Pero pronto pudo comprobarse también que la democratización y modernización española iba acompañada de altas dosis de prácticas corruptas, de especulación y fraude, de negocios privados a costa del gasto público, a los que no quisieron poner freno ni los gobiernos ni los partidos políticos. Partidos, por otro lado, rodeados de amigos, de personas fieles, que defienden al jefe y a sus propios intereses y que rara vez suelen diseñar un plan de decisiones coherentes destinado a perdurar.
La evolución política, social, económica y cultural de las últimas tres décadas constituye el mayor periodo de estabilidad y libertad de la historia contemporánea de España. Poco o nada queda ya de la visión romántica y aventurera de los viajeros extranjeros que, hasta hace muy poco, tan sólo unas décadas, veían a España como un territorio preindustrial alejado de Europa, a caballo entre la tradición de algunas regiones y la modernidad de otras, obstinado en su atraso e incapaz de superar su traumática historia. Un territorio, como todavía lo describía Gerald Brenan a mediados del siglo XX, «enigmático y desconcertante».

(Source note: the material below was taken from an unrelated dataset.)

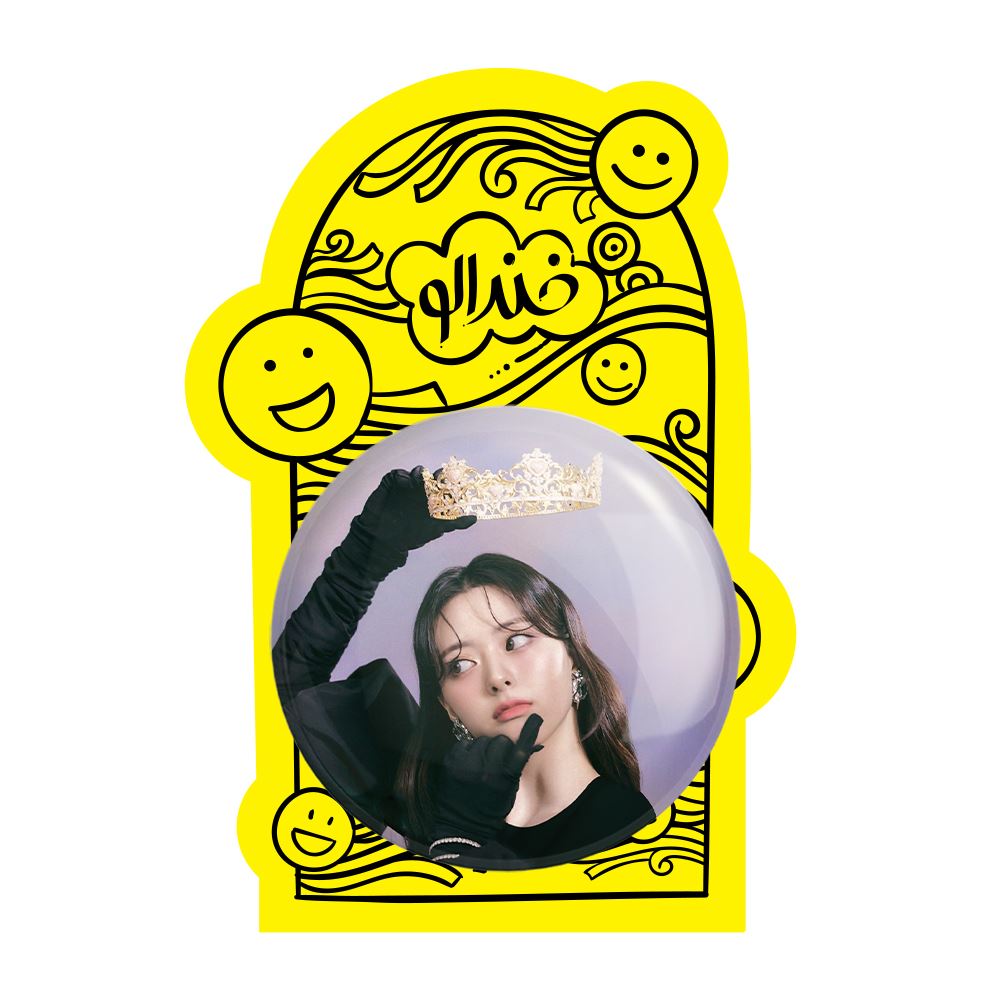 پیکسل بزرگ یونا گروه ایتزی ITZY خندالو با روکش سلفون حرارتی مات مخملی ضدخش و قطعه پشتی فلزی تولید می شود. قطعات پشت پیکسل های خندالو با سوزن یک تکه ثابت و بدون لغزش و جا به جایی، ایستایی بسیار خوبی دارند که این مهم در تولید پیکسل های 58 میلیمتری نیز رعایت شده است.

Paradójicamente, cuando más asentada parecía la democracia, después de dejar atrás las partes más funestas del legado autoritario del franquismo, nuevas coacciones y amenazas nos hacen dudar de nuestro modelo político. Algunos poderes fácticos impiden mirar e investigar libremente nuestro pasado violento y, con ello, la reparación política, jurídica y moral de las víctimas de la Guerra Civil y de la dictadura. Y muchos políticos, además de no hacer nada frente a eso, muestran una actitud cínica ante la corrupción que les salpica, ufanos de la tutela tan segura que ejercen sobre su electorado. Los ciudadanos estamos muy distantes de los lugares de decisión política y los partidos políticos concentran el poder de forma excesiva en sus líderes y amigos más allegados. Nadie parece estar dispuesto a emprender cambios y reformas que mejoren la calidad de nuestra democracia, sitúen a las instituciones democráticas por encima de los intereses corporativos y partidistas y refuercen a la sociedad civil. Así está el patio.
Julián Casanova es catedrático de Historia Contemporánea en la Universidad de Zaragoza, autor, junto con Carlos Gil Andrés, de Historia de España en el siglo XX (Ariel).